Cabeçalhos de baggage
O baggage é um mecanismo do OpenTelemetry para propagar contexto de chave-valor entre processos em um rastro distribuído. Ele utiliza um cabeçalho HTTP:
baggage: userId=alice,serverNode=DF%2028,isProduction=false
Os cabeçalhos de baggage transportam dados de contexto, como IDs de tenant, IDs de rastro e credenciais de segurança, permitindo análise de rastros e correlação de logs sem modificações no código.

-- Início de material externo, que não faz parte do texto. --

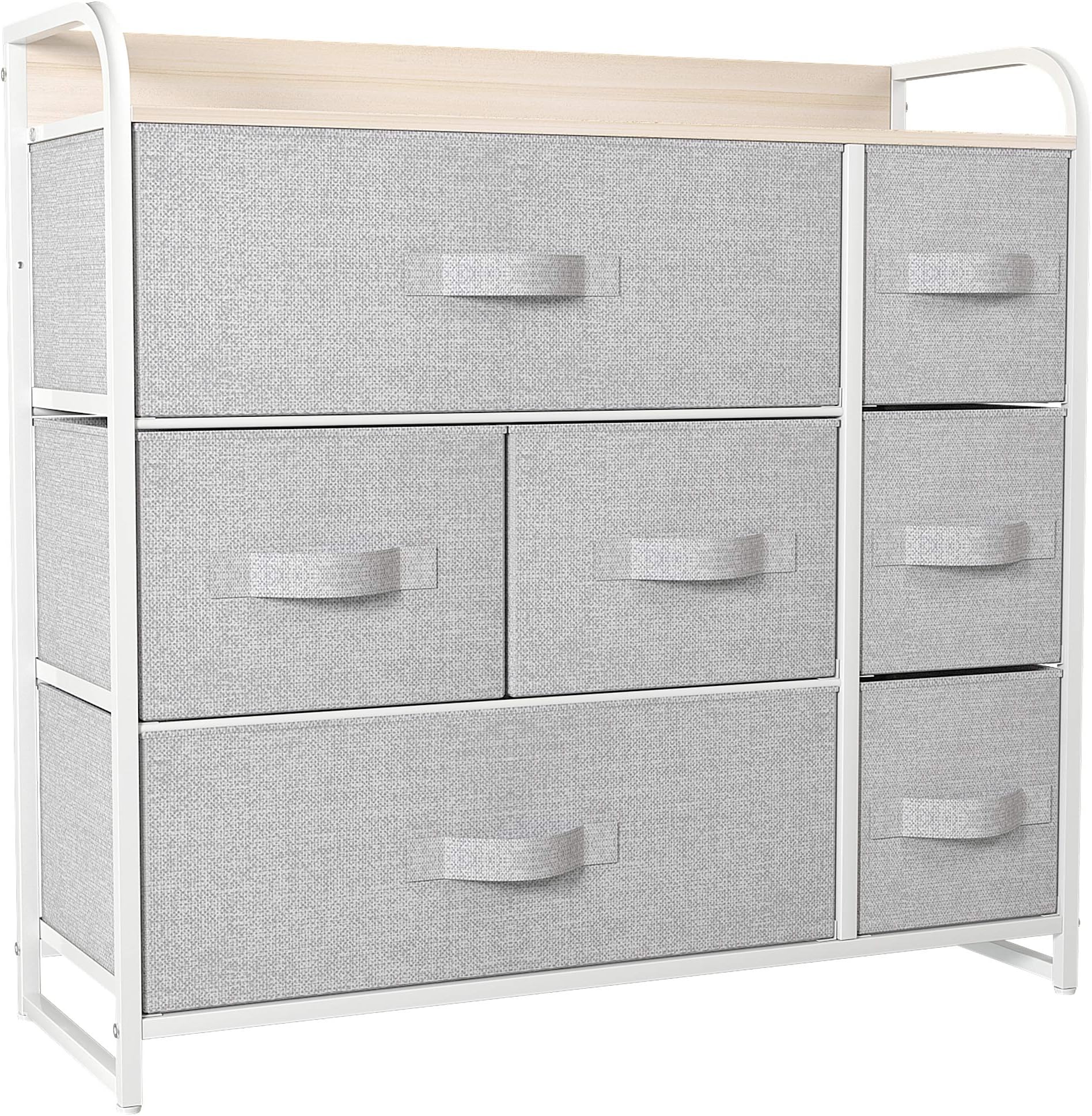KOMFOTTEU Bambus Kommode Mit 6 Stoff-Schubladen - 66x35x78,5cm Aufbewahrungsschrank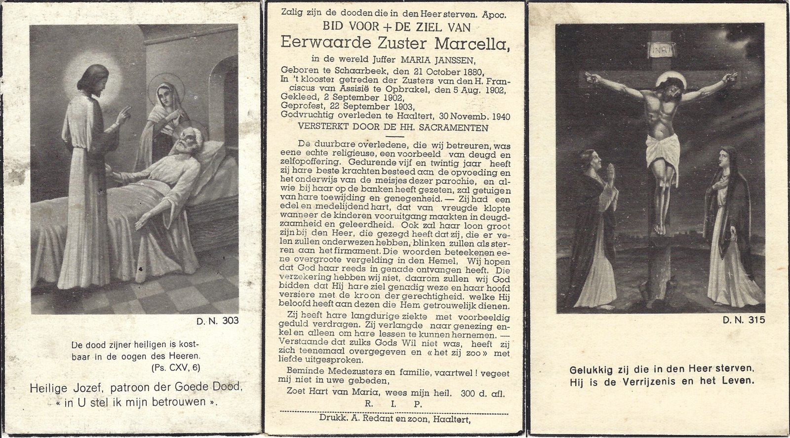| Janssen Maria, Zuster Marcella | Schaarbeek | 21/10/1880 | Haaltert | 30/11/1940 |

Para mais informações sobre faixas de tráfego, consulte Visão geral das faixas de tráfego.
Pré-requisitos
Antes de começar, certifique-se de ter:
Uma instância do Service Mesh (ASM) da Enterprise Edition ou Ultimate Edition, versão 1.21.6.54 ou posterior -- consulte Crie uma instância do ASM ou Atualize uma instância do ASM
Um cluster Kubernetes adicionado à instância do ASM -- consulte Adicionar um cluster a uma instância do ASM
Um ingress gateway do ASM chamado
ingressgateway-- consulte Crie um ingress gatewayHelm instalado na máquina local -- consulte Instale o Helm
Etapa 1: Implantar o OpenTelemetry Operator e configure a instrumentação automática
O OpenTelemetry Operator instrumenta automaticamente os pods de serviço para propagar cabeçalhos de baggage entre chamadas sem alterações no código.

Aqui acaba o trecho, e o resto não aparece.